ETF Options 101: 3 Ways To Go Long SPY

September 17, 2015

This is a weekly column focusing on ETF options by Scott Nations, a proprietary trader and financial engineer with about 20 years of experience in options.

Savvy ETF investors like to use options because there are so many different strategies that express the same general market outlook. One strategy might collect premium, one might cost premium and one might be done for no net premium, meaning an investor can tailor her strategy for her specific market outlook rather than just using the blunt instrument of buying or shorting the ETF.

For example, a bullish investor might buy a call option that will cost premium, or she might sell a put option that will generate premium, or she might combine the two in a third structure that doesn’t pay or generate much premium, but that will have a unique payoff profile.

3 Options Plays On Spy
An investor who is bullish on the SPDR S&P 500 ETF (SPY | A-99) could simply buy a call option and get bullish exposure. Unfortunately, that requires paying premium. However, that premium would be our maximum potential loss, while the potential profit is theoretically unlimited; as long as SPY continues to rally, our call purchase will continue to increase in profit.

With SPY at $199.72 recently, an investor could have bought the November $201 strike call for $4.85 per share. This call option would give the call owner the right to buy 100 shares of SPY at $201.00 at any time prior to option expiration. While the premium paid is the maximum potential loss, the downside of this trade is that SPY must rally for the trade to be profitable, as you can see:

Selling A SPY Put Option
As an alternative, a bullish investor could also sell a put option in SPY to get bullish-to-sideways exposure.

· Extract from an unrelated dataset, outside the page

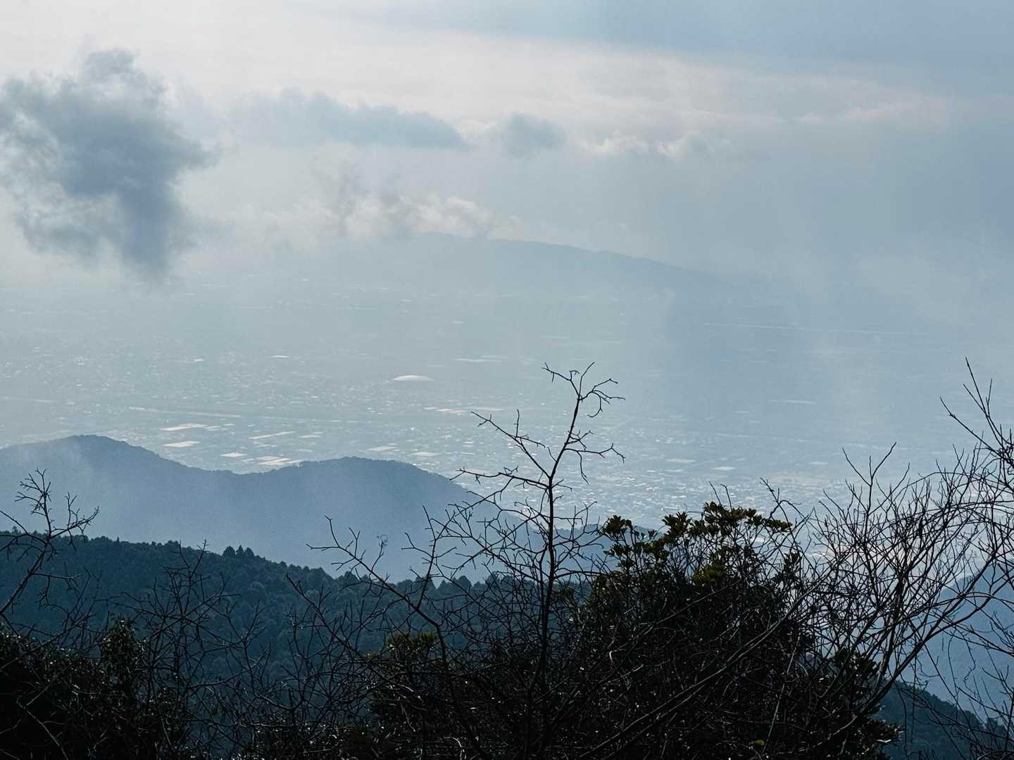 ガスが晴れて熊本市内がうっすら見えてきた。

Selling a put option generates option premium that the put seller gets to pocket, no matter how low SPY goes. If SPY drops below the strike price of the put option at expiration, our put seller will end up buying the stock at the strike price, although the premium received will lower the effective purchase price of the shares; selling a put option is a little like a limit order to buy the shares.

Since this is the case, the potential loss is similar to that from owning the shares—as you can see from this example, again, with SPY at $199.72, but in this case, selling the November $195 strike put option at $4.90. The breakeven has now been lowered to just $190.10. Above there, this trade is profitable, but the profit is limited to just the $4.90 in premium collected.